15 Years of Building for the Web
I wrote my first line of production code in 2009. It was PHP, it was terrible, and it powered a feature that thousands of college students used daily. That tension between messy code and real impact has defined my career ever since.
The startup years
CampusLIVE started in a UMass dorm room. We built a platform for brands to connect with college students, raised $3.1M from Highland Capital Partners and CRV, and scaled to dozens of campuses. I was employee number three.
What I learned: startups don’t fail because of bad code. They fail because they build the wrong thing. The best engineers I worked with were the ones who pushed back on requirements, not the ones who implemented them fastest.
After CampusLIVE, I joined CustomMade, a Google Ventures-backed marketplace connecting artisans with customers. Different stage, different problems. At CampusLIVE, the challenge was building fast enough. At CustomMade, it was building things that scaled: search systems, matching algorithms, payment flows that handled thousands of transactions.
Going independent
In 2015 I went freelance. Five years of working with Boston-area startups across fintech, healthcare, and consumer products. Every engagement taught me something different about how teams ship software.

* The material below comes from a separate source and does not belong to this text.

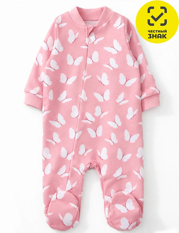 Комбинезон ясельный из набивного полотна, длинный открытый рукав с манжетом, смещенная застежка на молнию, воротник-стойка, закрытая ножка.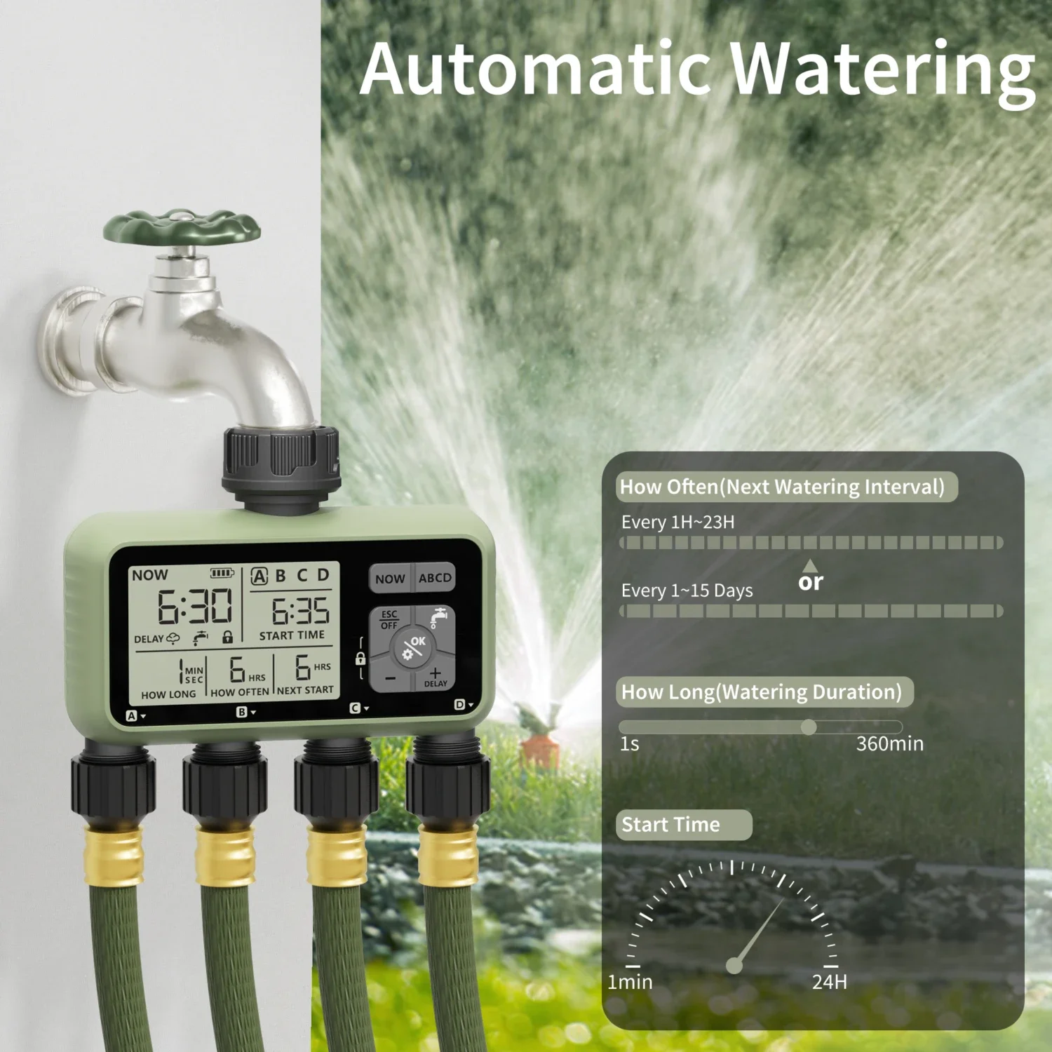 Таймер воды Diivoo, 4-зонный садовый программируемый автоматический таймер для орошения с задержкой дождя, ручной/автоматический режим полива для газона и двора

The best clients gave me a problem, not a spec. The worst gave me pixel-perfect mockups and got frustrated when I suggested a simpler approach that would ship in half the time.
Going independent also taught me that technical skill is table stakes. The engineers who thrive are the ones who communicate clearly, manage expectations, and know when to say “this is a bad idea” diplomatically.
Building VisualBoston
In 2020, I co-founded VisualBoston with a designer I’d worked with for years. The premise was simple: senior talent, no overhead, available when you need us.
We’re not trying to be a big agency. We’re two people who’ve shipped dozens of products and know how to move fast without cutting corners. Our clients get the same people from kickoff to launch. No handoffs to junior developers, no “account managers” who don’t understand the code.
The agency model lets me work on diverse problems while still building my own products on the side. TallyQuote (an all-in-one platform for contractors) and GardenMates both started as side projects that grew into real products because the agency gives me the financial stability to take risks.
What I’d tell myself in 2009
Ship it. The code doesn’t have to be perfect. The architecture doesn’t have to be elegant. The feature has to work, and the user has to care. Everything else is negotiable.